Berlin – Die Deutsche Bahn hat enttäuscht auf das Nein der Lokführergewerkschaft GDL zu einem neuen Vorschlag der DB reagiert: „Die GDL-Spitze verweigert Transparenz durch die von uns vorgeschlagene unabhängige Persönlichkeit – eine Transparenz, die sie immer wieder selbst eingefordert hatte“, so Bahn-Personalvorstand Ulrich Weber am Donnerstag. „Egal was vorgeschlagen wird, die GDL-Funktionäre wollen offensichtlich gar nicht reden oder verhandeln.“

Bahn-Chef Rüdiger Grube hatte am Mittwoch vorgeschlagen, Brandenburgs früheren Ministerpräsidenten Matthias Platzeck (SPD) als Vermittler in dem Tarifkonflikt einzusetzen. GDL-Chef Claus Weselsky hatte zunächst von einem „PR-Gag“ gesprochen, dann aber eine Prüfung des Vorschlags zugesagt. Am Donnerstagnachmittag hatte Weselsky dann erklärt, dass der Streik bei der Bahn wie geplant fortgesetzt werde.

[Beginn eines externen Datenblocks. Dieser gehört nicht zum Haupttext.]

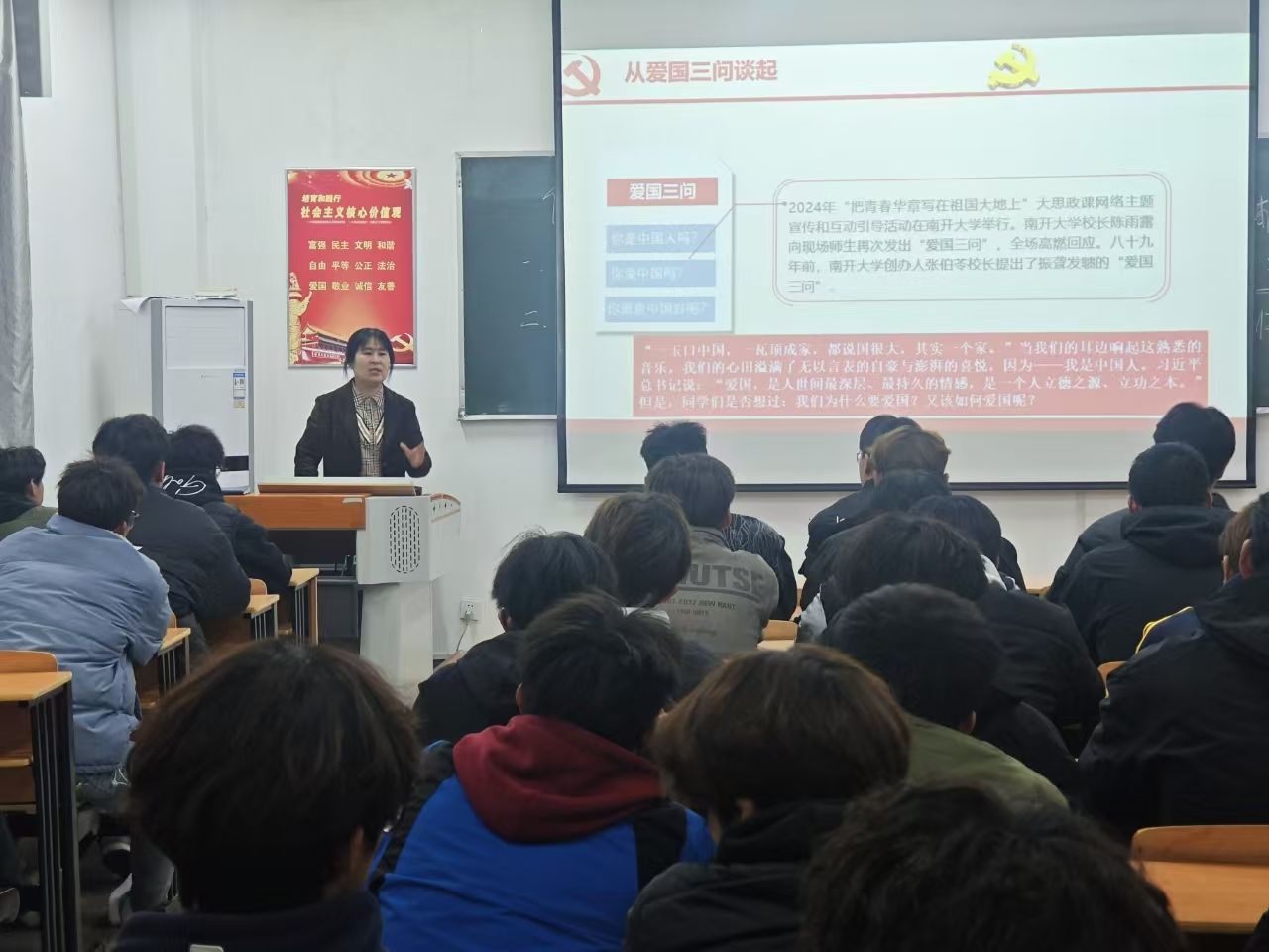 张萍重点围绕“我们该怎么爱国”进行了详细阐述,她表示要做到三个方面:第一、提升政治素养,树立制度自信。她用国家发展的真实数据证明,只有社会主义才能救中国、强大中国。第二、不轻信不盲从,提高鉴别能力。作为新时代的大学生,应以理性约束情感,学会辨别网络信息之真伪,对各种信息进行客观、理性的分析。第三、规范日常行为,践行爱国使命。作为学生要努力学习专业知识,遵守法律法规,尊重社会公德,爱护公共环境,用实际行动践行爱国使命,让爱国主义精神在日常行为中得到充分体现。

Die Lokführer bestreiken seit Montagnachmittag den Güterverkehr der Deutschen Bahn, seit der Nacht zum Dienstag ist auch der Personenverkehr betroffen. Der Streik, der bis zum Sonntagmorgen andauern soll, trifft Millionen Pendler und Reisende, Ökonomen befürchten Millionenschäden für die Wirtschaft.